**Problem requirements**
Print each record that follows exactly, leaving the pictures behind.
== Segment start ==
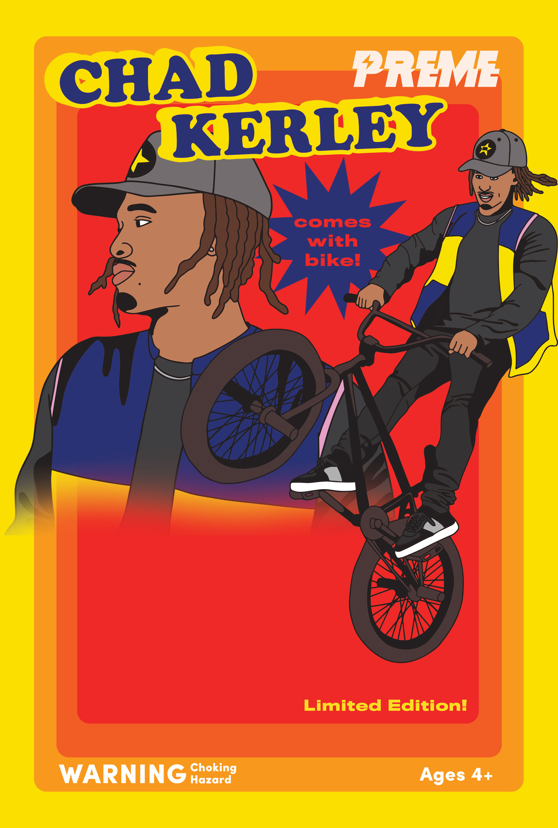 Package Design and illustration for Professional BMX'er Chad Kerley action figure x PREME.
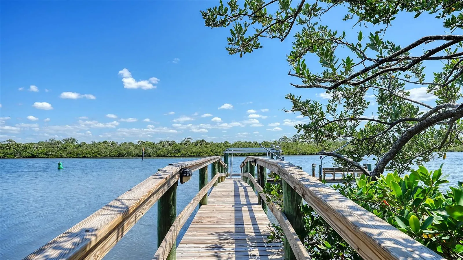 Meandering stone paths wind through lush, newly landscaped grounds adorned with vibrant orchids and native palms, guiding you to a brand new beach walk-out and your own secluded stretch of sand. A thoughtfully engineered sand berm provides vital protection against beach erosion, offering peace of mind and preserving your pristine shoreline for years to come. Along the way, discover multiple shaded and open-air sitting areas—perfect for morning coffee, sunset views, or simply soaking in the serenity of this coastal haven. Here, you can stroll the shoreline in search of seashells and shark’s teeth, watch dolphins play at sunset, or simply unwind with your toes in the sand. On the bay side, your recently resurfaced private dock (2024) and upgraded 10,000 lb boat lift (2023) offer endless opportunities for boating, fishing, or paddleboarding.
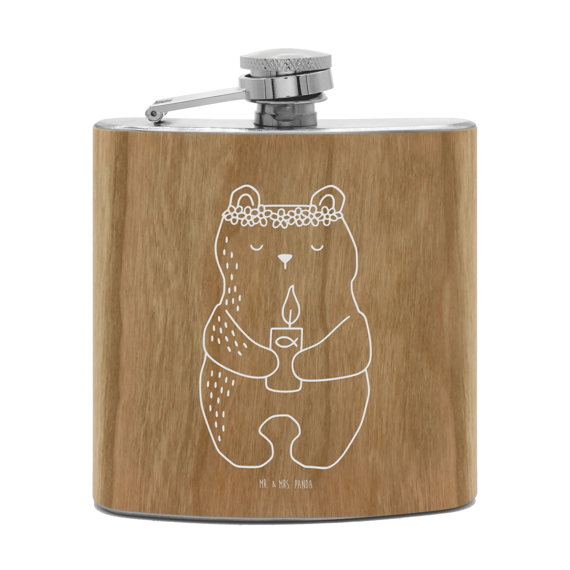 Genieße deine Lieblingsgetränke stilvoll mit dem Flachmann von Mr. & Mrs. Panda. Mit den perfekten Abmessungen von 109 mm x 93 mm x 22 mm und einem Füllvolumen von 150 ml ist dieser Flachmann nicht nur praktisch, sondern auch ein echter Blickfang. Der Edelstahl, umhüllt mit Holzlaminat, gibt dem Flachmann eine besonders edle Note. Die humorvolle Gravur mit Motiven, die Freude bereiten, macht ihn zum idealen Begleiter für Junggesellenabschiede, Wandertouren oder entspannte Ausflüge mit Freunden. Super leicht und ideal zu transportieren, passt er in jede Tasche. Der Flachmann liegt gut in der Hand und ist mit einem sicheren Schraubverschluss ausgestattet, der ein Auslaufen verhindert. Achte darauf, ihn nur mit heißem Wasser zu reinigen, denn er ist nicht spülmaschinenfest!
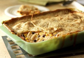 This crowd-pleasing, kicked-up Fiesta Chicken Casserole couldn't be easier...it uses canned chicken, soup, corn and beans and is topped with a refrigerated pie crust. Casserole recipes like this are simply delish!
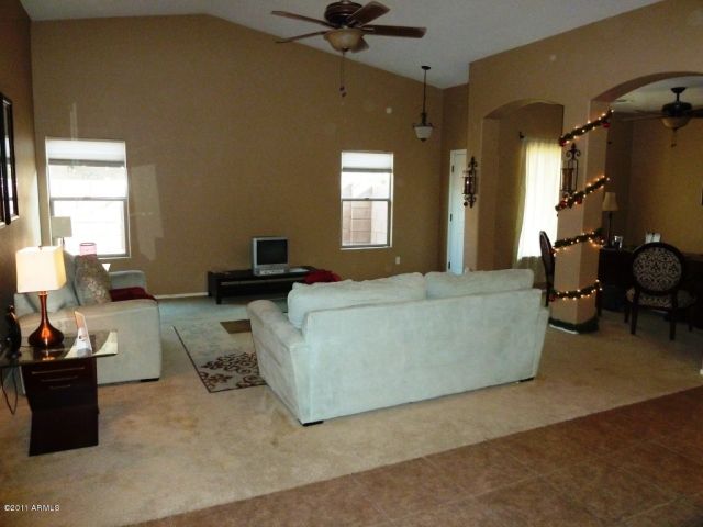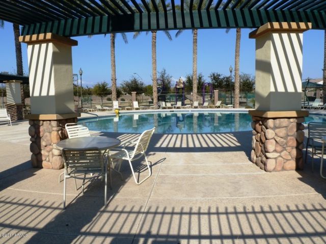 Single level 3 bedroom plus den, two bath. all tile floors. Master Split. Great room plan. Kitchen has island and all appliances included. Inside laundry with Washer-dryer. Generous easy care back yard. Community Pool, parks and walk paths. All on one level. Gas heat and hot water. Available June 30th
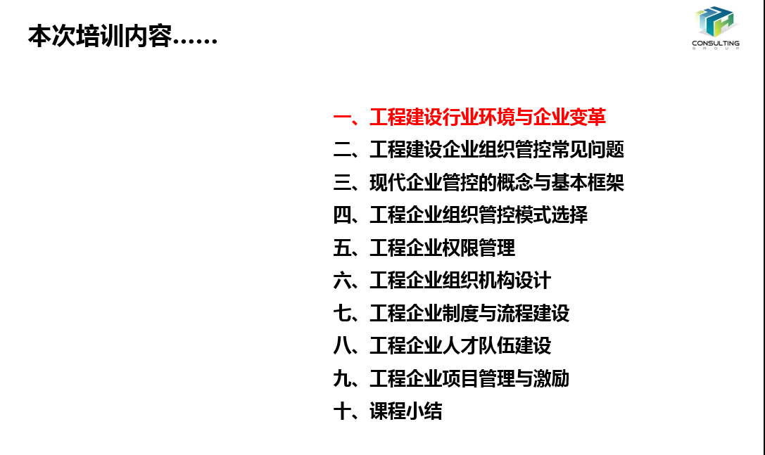 通过本次课程,学员们不但掌握了企业管控的理论和设计方法,更了解了多家国内领先工程企业在系统管控、组织再造、制度建设、机制创新方面的最佳实践,对于提升企业的综合管控能力意义深远。
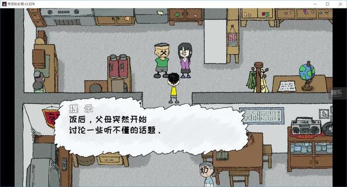 省略非必要信息的漫画式美工:父母和奶奶的容貌,粗暴地用一个汉字解决,大多数角色也不画眼睛,然而场景里充满年代感的家具、杂物都不马虎
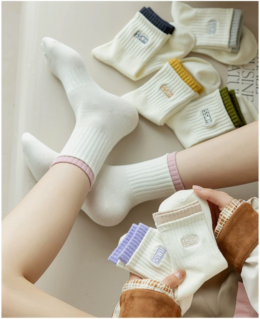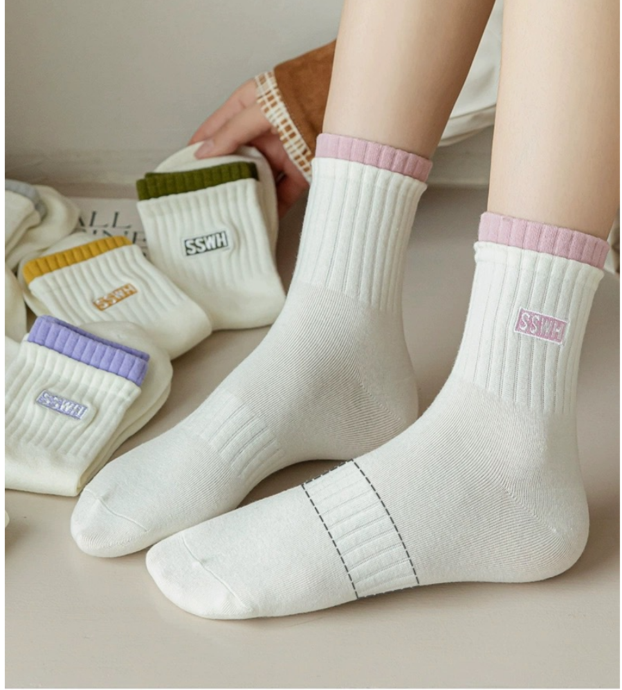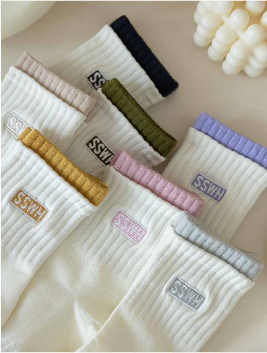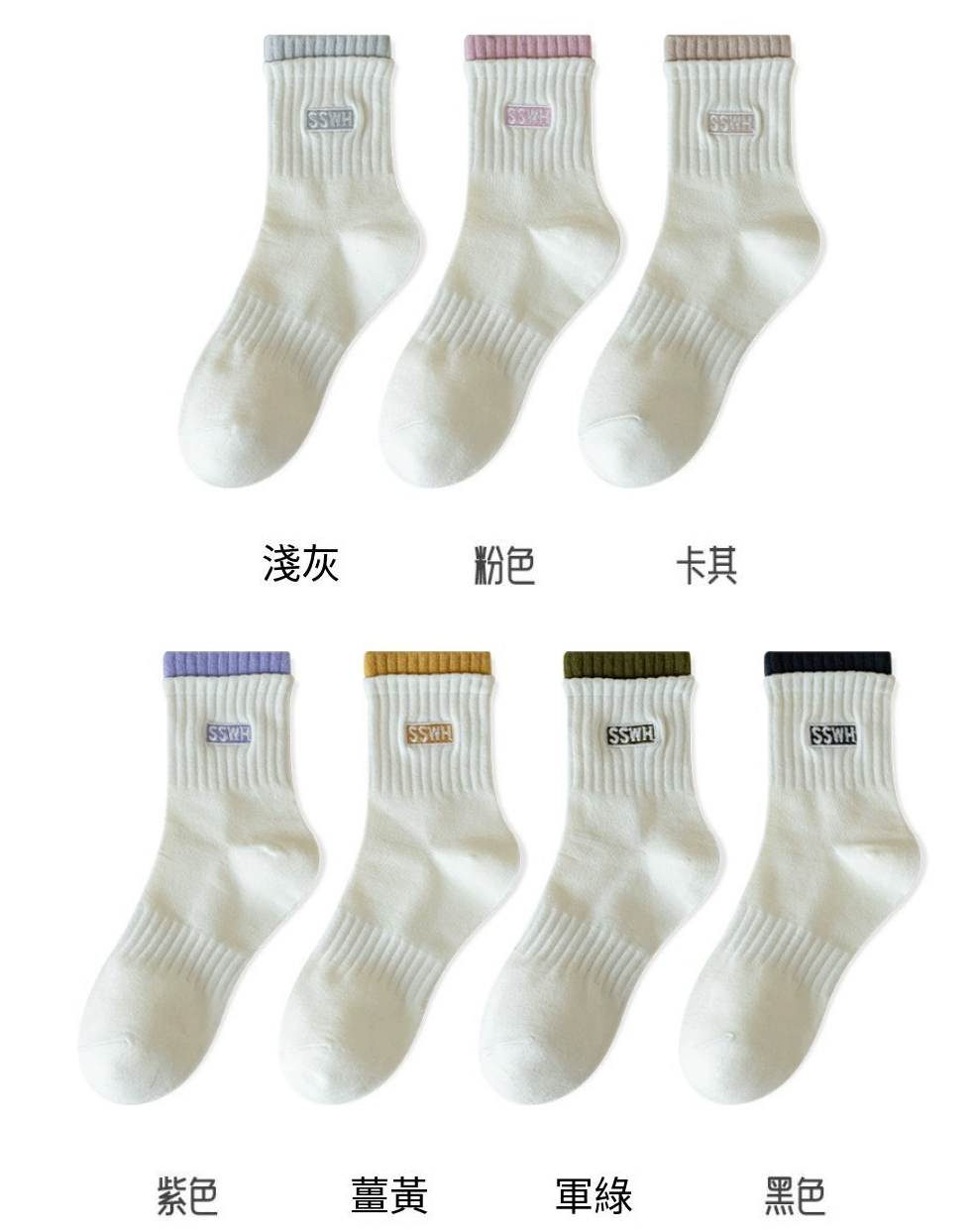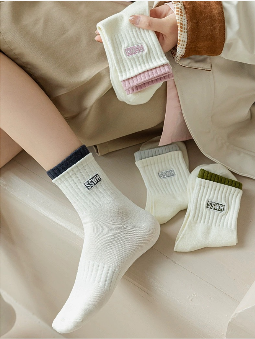 熱推(3雙裝)女雙羅口字母刺繡中筒襪(卡其)(均碼)
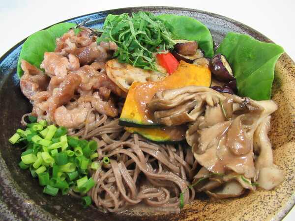 カリカリ豚と秋野菜のくるみだれ蕎麦
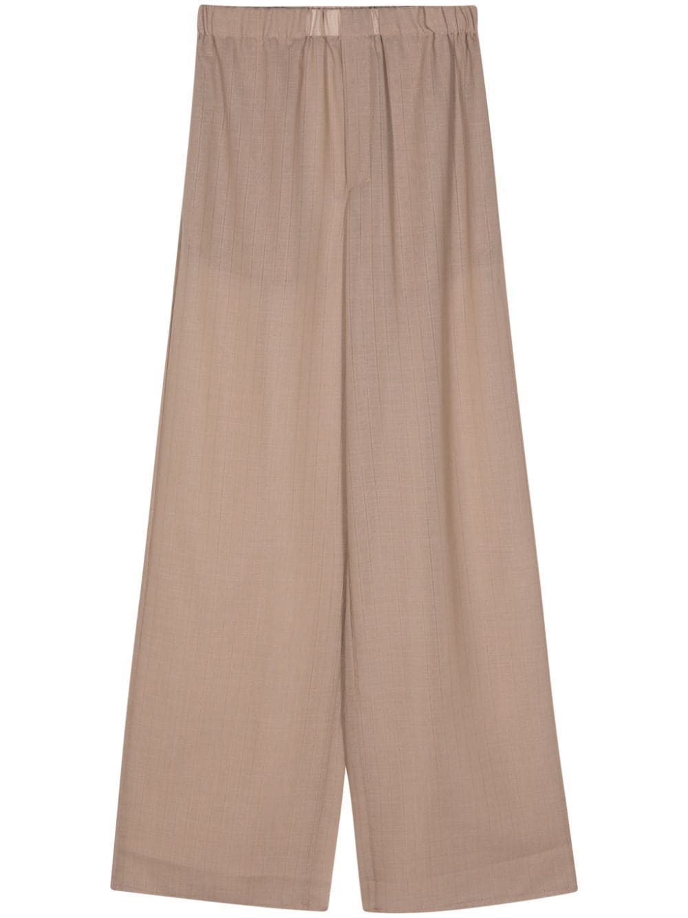 medium beige virgin wool blend semi-sheer construction vertical stripe pattern elasticated waistband two side inset pockets pull-on style When buying this unisex item, keep in mind that it is graded in standard men's sizing.
== Segment end ==
**Written answer**
 Package Design and illustration for Professional BMX'er Chad Kerley action figure x PREME.
 Meandering stone paths wind through lush, newly landscaped grounds adorned with vibrant orchids and native palms, guiding you to a brand new beach walk-out and your own secluded stretch of sand. A thoughtfully engineered sand berm provides vital protection against beach erosion, offering peace of mind and preserving your pristine shoreline for years to come. Along the way, discover multiple shaded and open-air sitting areas—perfect for morning coffee, sunset views, or simply soaking in the serenity of this coastal haven. Here, you can stroll the shoreline in search of seashells and shark’s teeth, watch dolphins play at sunset, or simply unwind with your toes in the sand. On the bay side, your recently resurfaced private dock (2024) and upgraded 10,000 lb boat lift (2023) offer endless opportunities for boating, fishing, or paddleboarding.
 Genieße deine Lieblingsgetränke stilvoll mit dem Flachmann von Mr. & Mrs. Panda. Mit den perfekten Abmessungen von 109 mm x 93 mm x 22 mm und einem Füllvolumen von 150 ml ist dieser Flachmann nicht nur praktisch, sondern auch ein echter Blickfang. Der Edelstahl, umhüllt mit Holzlaminat, gibt dem Flachmann eine besonders edle Note. Die humorvolle Gravur mit Motiven, die Freude bereiten, macht ihn zum idealen Begleiter für Junggesellenabschiede, Wandertouren oder entspannte Ausflüge mit Freunden. Super leicht und ideal zu transportieren, passt er in jede Tasche. Der Flachmann liegt gut in der Hand und ist mit einem sicheren Schraubverschluss ausgestattet, der ein Auslaufen verhindert. Achte darauf, ihn nur mit heißem Wasser zu reinigen, denn er ist nicht spülmaschinenfest!
 This crowd-pleasing, kicked-up Fiesta Chicken Casserole couldn't be easier...it uses canned chicken, soup, corn and beans and is topped with a refrigerated pie crust. Casserole recipes like this are simply delish!
 Single level 3 bedroom plus den, two bath. all tile floors. Master Split. Great room plan. Kitchen has island and all appliances included. Inside laundry with Washer-dryer. Generous easy care back yard. Community Pool, parks and walk paths. All on one level. Gas heat and hot water. Available June 30th
 通过本次课程,学员们不但掌握了企业管控的理论和设计方法,更了解了多家国内领先工程企业在系统管控、组织再造、制度建设、机制创新方面的最佳实践,对于提升企业的综合管控能力意义深远。
 省略非必要信息的漫画式美工:父母和奶奶的容貌,粗暴地用一个汉字解决,大多数角色也不画眼睛,然而场景里充满年代感的家具、杂物都不马虎
 熱推(3雙裝)女雙羅口字母刺繡中筒襪(卡其)(均碼)
 カリカリ豚と秋野菜のくるみだれ蕎麦
 medium beige virgin wool blend semi-sheer construction vertical stripe pattern elasticated waistband two side inset pockets pull-on style When buying this unisex item, keep in mind that it is graded in standard men's sizing.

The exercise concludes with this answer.